The material information provided by the organization can be said to be much effective and detailed. It has been able to describe all the situations and the things that have been done in the overall accounts of the organization. The changes in accounting policies and practices in some places have also been clear and in detail reported in the declaration put forth by the business organization (Vanclay, 2015). It can be noted that many of the things have been clearly mentioned and specified by the board of the auditors. However, things related to the roles of the auditors and details related to the provisions have not been made in detail. It has to be kept in mind that most of the times, the different of the business organization makes some changes or manipulations in their amount and heads of the different provisions. Thus, it can be said that the auditing committee should have cross checked and analysed the details related to the different kind of provisions that have been made and considered in the annual reports of the company.
Considering whether there was any material information which could be missing, under-reported and/or not fully explained or disclosed in an effective way for the intended users
It can be said that there was very negligible kind of material misstatements to be found in the whole of the work. It can be said that fewer instances of material information being missing as such and under-reported can be seen. However, there were some wrong reporting related to the unbilled revenue, unbilled distribution costs and there was also information misleading and missing related to the financial instruments held onto and possessed by the business organization. All these things were clear and in detail reported by the auditor of the organization (Griffiths, 2016). The material information related to the overall role of the difference of the members of the auditing committee could have been provided in a much detailed manner. It can be said that the members and their designations have been pointed out in the annual reports, but, their individual roles and responsibilities have not been clearly defined as per the need. These things could have easily been done.
Different follow-up questions that could be asked to the Auditor at the company’s Annual General Meeting
Audit Committee
Questions relating to the overall efficiency of the auditors could be asked. The individual role played each of the authors at the auditing committee could have easily been interrogated. It can be seen that the auditors have done the auditing but specifically, they have not mentioned how and in which manner they have conducted the same. Questions related to the cross-checking of the accounts could have been made (Lenz and Hahn, 2015). Further what kind of more provisions have to be made and mentioned in the annual reports of the organization also needed to be asked by the auditors. Questions related to the declaration of the authenticity of each of the books made and maintained by the company could also have been made from them. How the bills of the revenue from the gas could be settled should have been asked of them.
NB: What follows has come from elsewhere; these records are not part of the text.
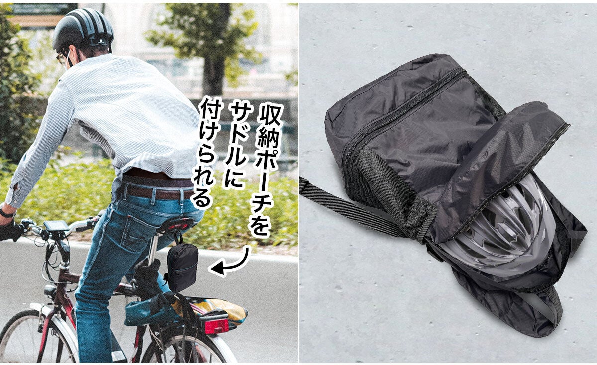 収納に困る自転車用のヘルメットもしっかり収納可能。収納ポーチはサドルにかけて持ち運べるので邪魔になりません。自転車乗りにもおすすめです。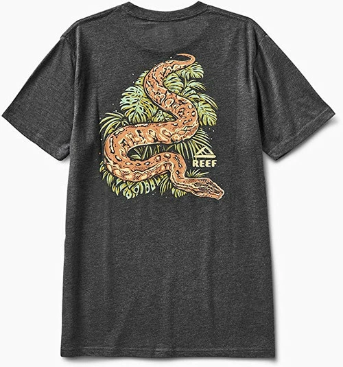 with a snake slithering through leaves among a slightly distressed REEF logo. Soft, 100% cotton jersey keeps you peacefully chill.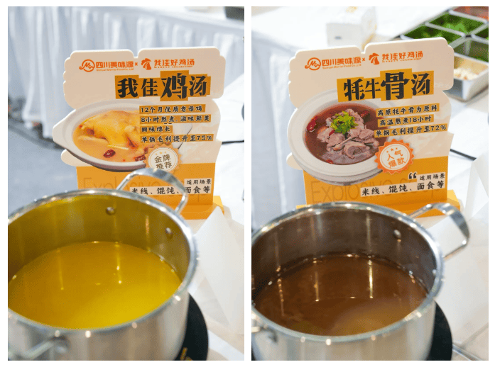 汤料作为四川美味源的明星产品,此次展会鸡汤同样大放异彩。我佳鸡汤用365天散养老母鸡,13道工艺慢炖8小时,完全替代传统手工熬汤,汤汁清亮无渣,鲜醇度比同类竞品高约30%。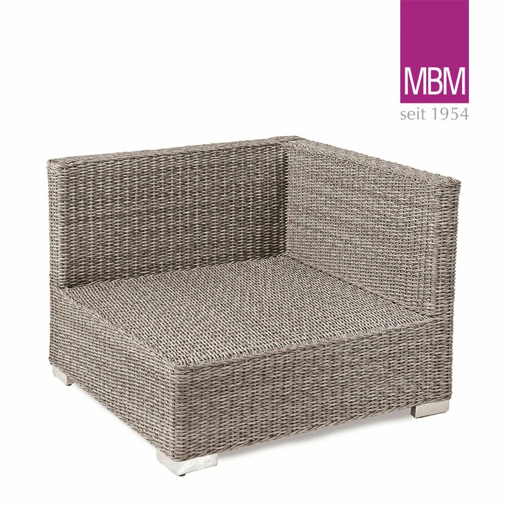 Möbel aus Resysta sehen aus wie Holz und fühlen sich an wie Holz. Das Versprechen von MBM lautet: Für die Herstellung dieser Möbelstücke muss kein einziger Baum gefällt werden. Das Material wurde bereits mit verschiedenen Preisen ausgezeichnet, es ist witterungsbeständig, farbecht, pflegeleicht und sehr langlebig. Gartenmöbel aus diesem Material trotzen Feuchtigkeit, sodass die Oberfläche dauerhaft hält, nicht nachgeschliffen oder neu gestrichen werden muss. Außerdem ist Resysta recycelbar, kann also nach der Verwendung zerkleinert und erneut verwendet werden, wodurch ein unendlicher Kreislauf entsteht. Zu 60 Prozent besteht das Material aus Reishülsen, welche Reststoffe der Lebensmittelindustrie sind. Mirotex Twist ist eine ausgezeichnete Alternative zu Rattan. Das Kunststoffgeflecht überzeugt durch seine natürliche Optik und ist eine hochelastische Faser, die in Handarbeit nach einem traditionellen Flechtverfahren um ein Aluminiumgestell geflochten wird. Sie ist UV-beständig und wetterfest.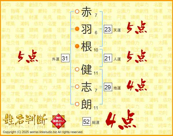 赤(7画)羽(6画)根(10画) 健(11画)志(7画)朗(11画)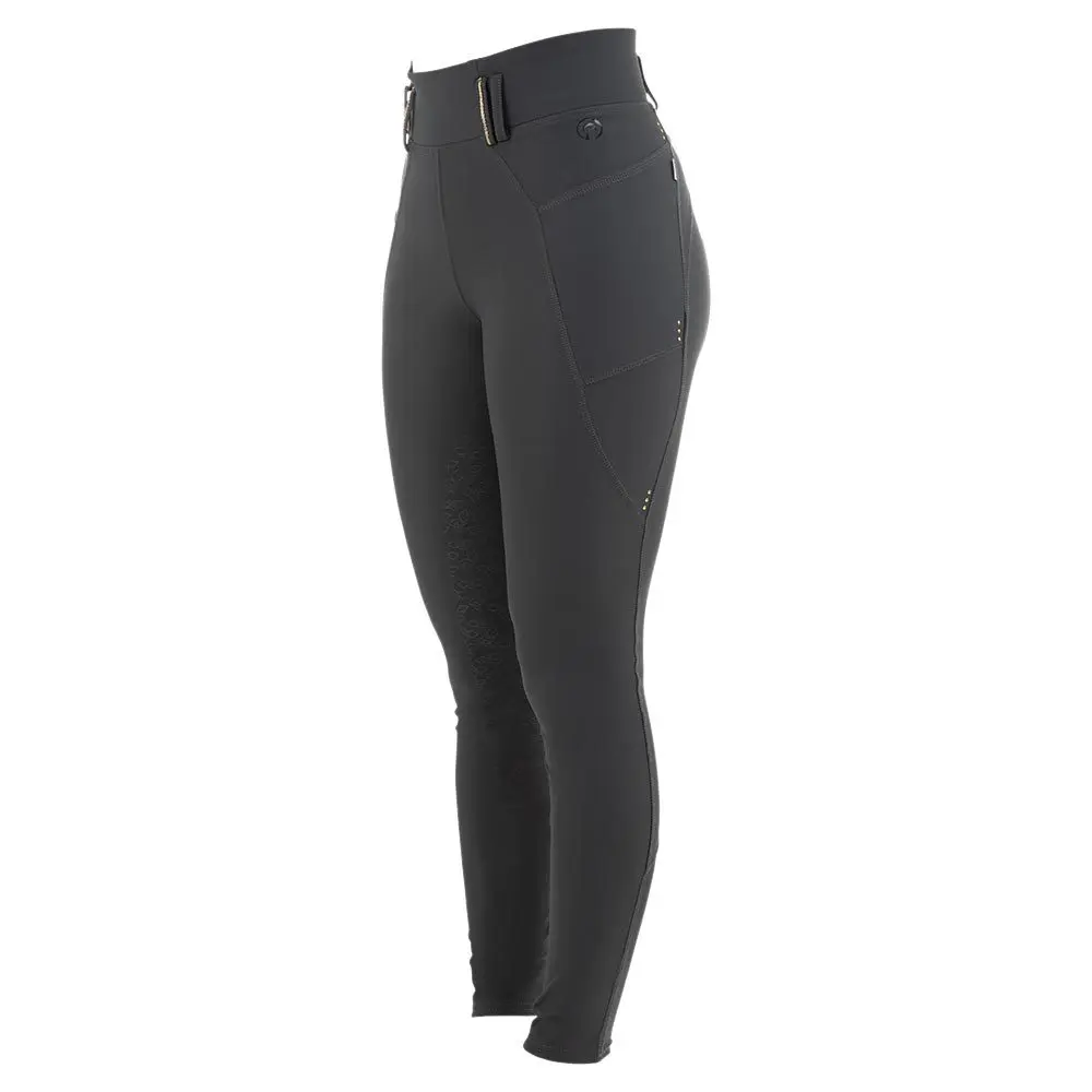 โข De hoge tailleband heeft 6 riemlussen en een metalen logo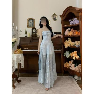 Sommer Damen Sexy Trägerlos Offener Rücken 3D Blume Mesh Club Party Mini Kurze Kleider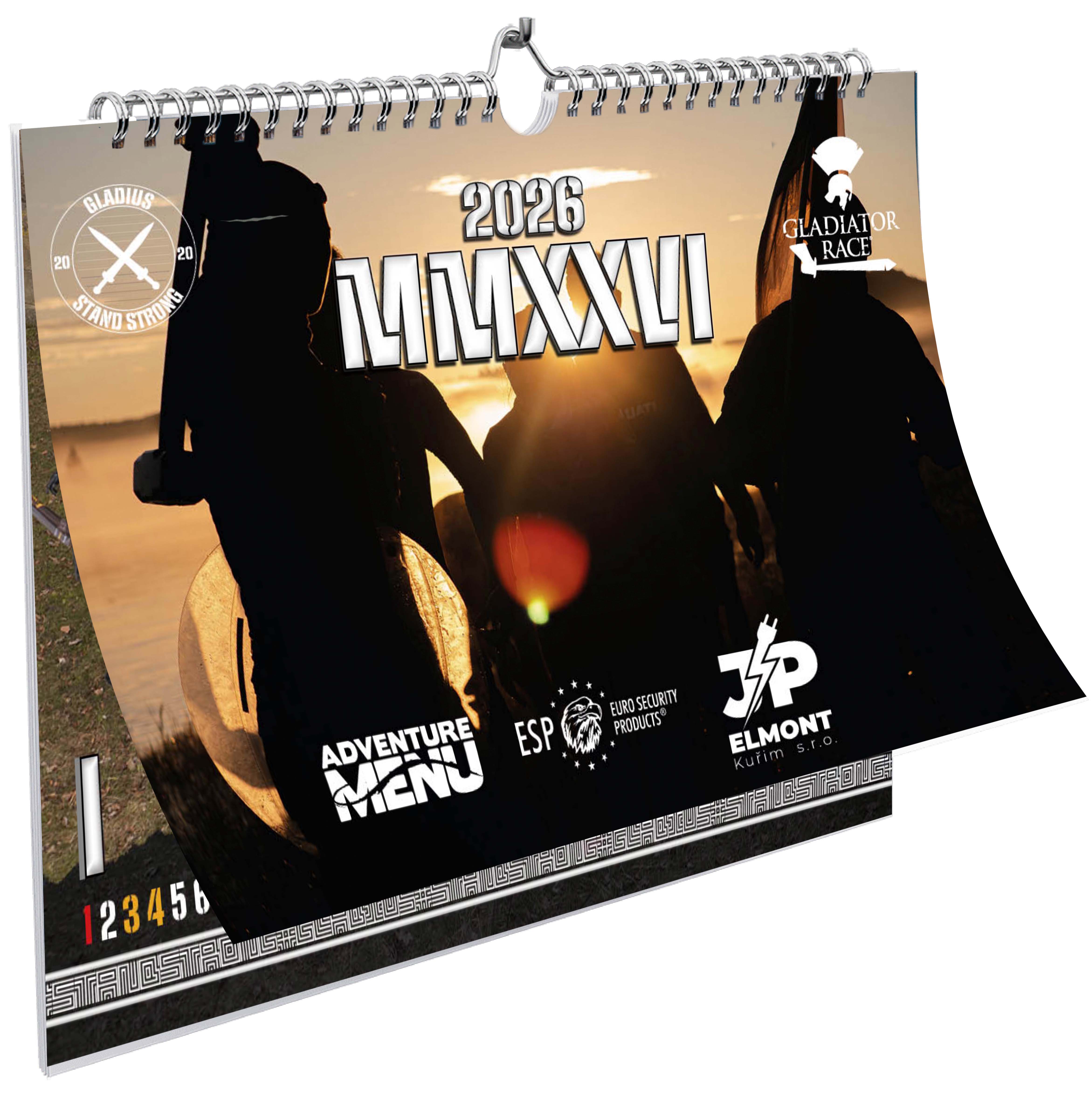 Velkoformátový A3 nástěnný kalendář Gladius 2026 zachycuje jedinečné okamžiky odvahy, týmové spolupráce a výzev, kterým účastníci čelili.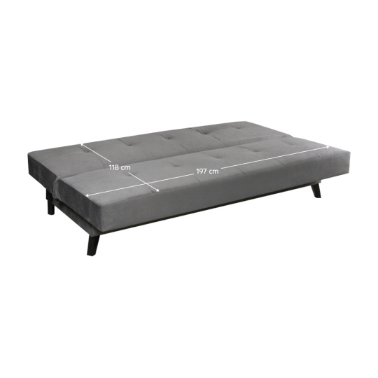 Materiál: látka Trinity 15 Oděruodolnost textilie podle testu Martindale: 55 000 oděrů Barva: šedá Rozměry (ŠxHxV): 197x84x92 cm Plocha na spaní (ŠxD): 118x197 cm Výška sedu: 44 cm Hloubka sedu: 54 cm Nosnost na osobu: 90 kg Jádro sezení: pružina falista/pur pěna Na nožičkách Materiál nožiček: dřevo Barva nožiček: černá Výška spodního prostoru od podlahy: 12,8 cm Rozkládací Úložný prostor Voděodolná látka Dodáváno v demontu.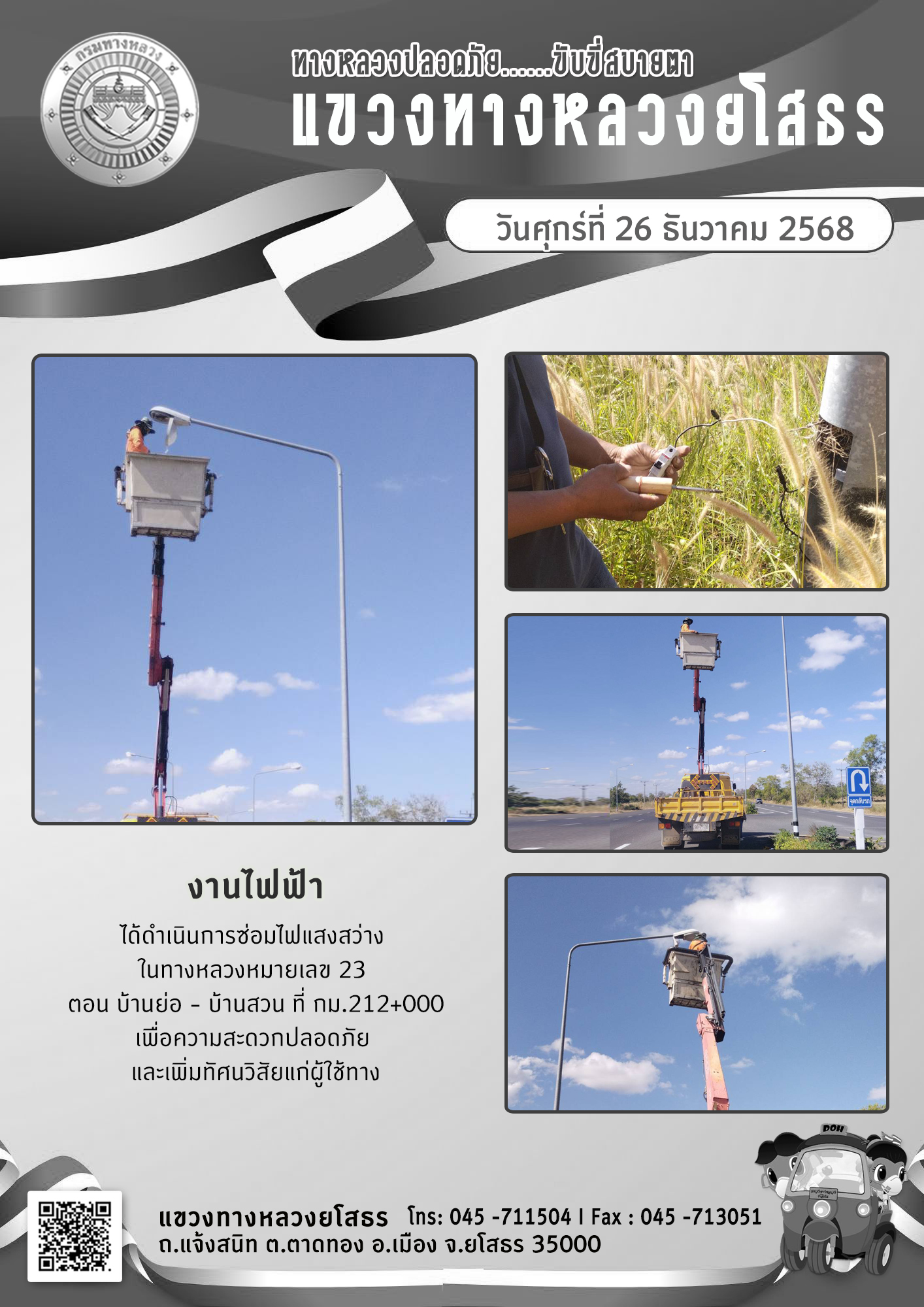 วันศุกร์ที่ 26 ธันวาคม 2568 งานไฟฟ้า ได้ดำเนินการซ่อมไฟแสงสว่าง ในทางหลวงหมายเลข 23 ตอน บ้านย่อ - บ้านสวน ที่ กม.212+000 เพื่อความสะดวกปลอดภัย และเพิ่มทัศนวิสัยแก่ผู้ใช้ทาง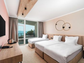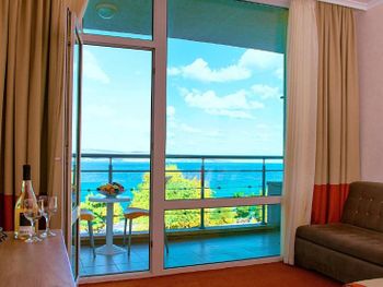 На заметку туристам, которые приезжают под закрытие сезона в номера с видом на море, нужно учесть, что отель стоит фронтально к морю и открыт ветру. Я уверена, что летом это огромный плюс. Сейчас (15-19 сентября 2020) было немного прохладно, т.к. солнце поворачивается за здание после 12ти и остальную часть дня балконы в тени.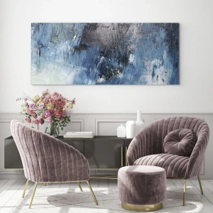 Abstracție dinamică în nuanțe de albastru, prezentând un joc intens de texturi și culori. Perfectă pentru interioare moderne, introducând o notă de expresie artistică.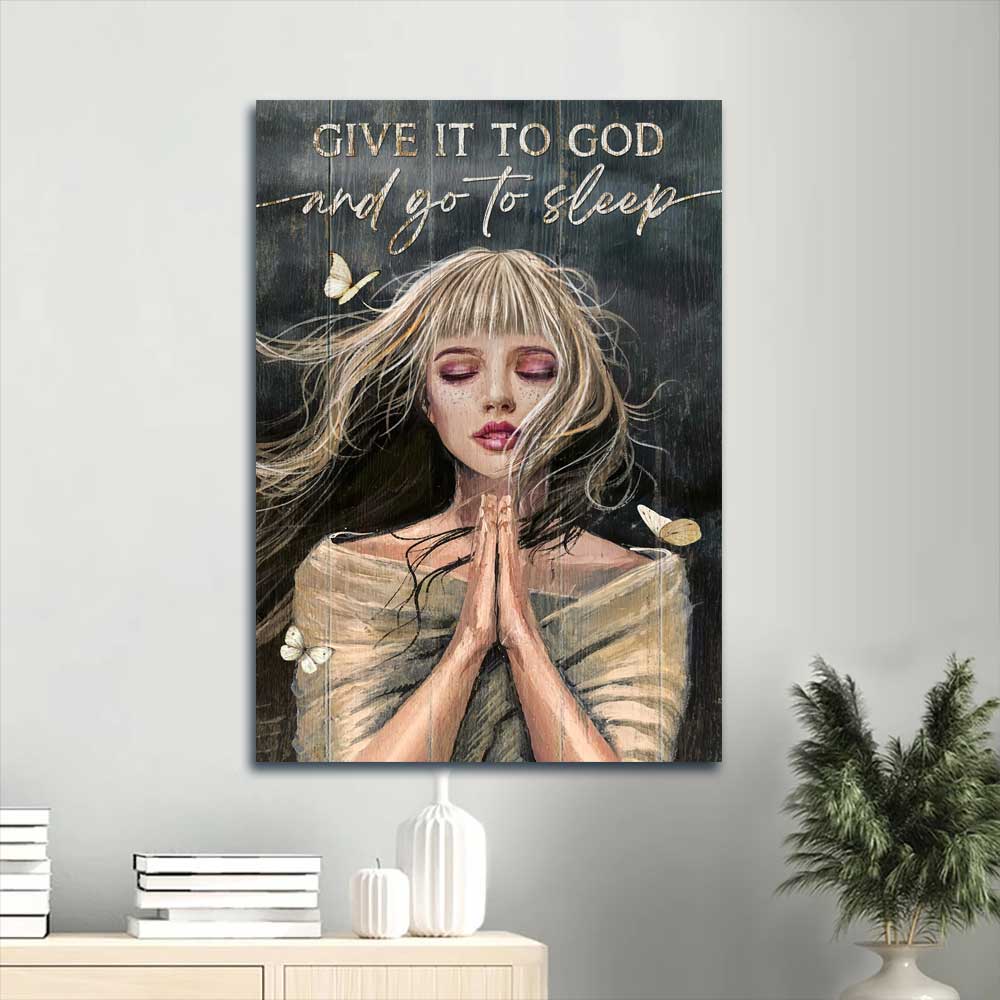 Jesus Portrait Canvas - Praying girl, Beautiful girl, Dark background Canvas - Gift for Christian - Give it to God Portrait Canvas Prints, Christian Wall Art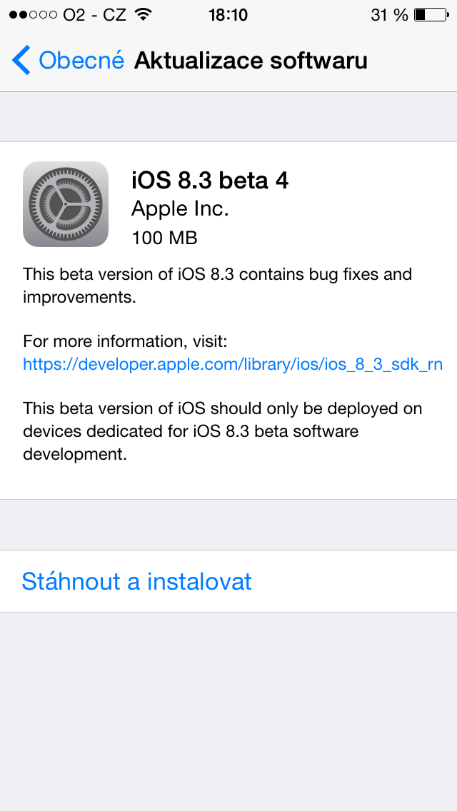 Apple práve rozposlal vývojárom štvrtú beta verziu operačného systému iOS 8.3. Nová beta vychádza dva týždne po tej predošlej a deň po vydaní novej beta verzie OS X Yosemite 10.10.3, ktorá je podstatne stabilnejšia, než predchádzajúca. Apple po boku vývojárskej verzie vydal aj druhú beta verziu pre užívateľov, ktorí sa rozhodli zapojiť do iOS Public Beta programu. V čase písania tohto článku ešte nie je známe, aké funkcie prináša nová beta, ale mohli by sme sa to dozvedieť čoskoro. Veľkosť aktualizácie sa líši v závislosti od zariadenia, na redakčnom iPhone 5 má veľkosť 100 MB.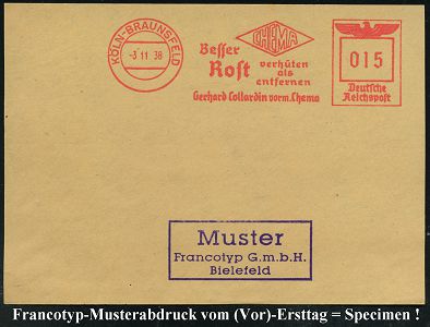 9238 | 35 € | 5000 KÖLN (Absender-Freistempel) : KÖLN-BRAUNSFELD/ CHEMA/ Besser/ Rost verhüten/ als/ entfernen/ Gerhard Collardin vorm.Chema 1938 (3.11.) AFS-Musterabdruck Francotyp "Reichsadler" (Firmen-Logo) glasklar gest. Francotyp-Musterblatt vom (Vor)-Ersttag !, selten! (Dü.E-5CGo) | ![]() ![]() | |

Further, the unbilled and not written down distribution costs and their overfall aftermaths could also have been asked by the boards of the auditors of the company (Chiang, 2016). By asking all these questions, the actual state of affairs of the company could have been perceived.
Conclusion
The details related to the annual report has been considered and related to different parts of the study. It can be concluded that some material information has been missed out in the annual report and its different sections made by the company. It has to be ensured that such kind of missing information should be provided in order to give proper information to the different stakeholders of the company.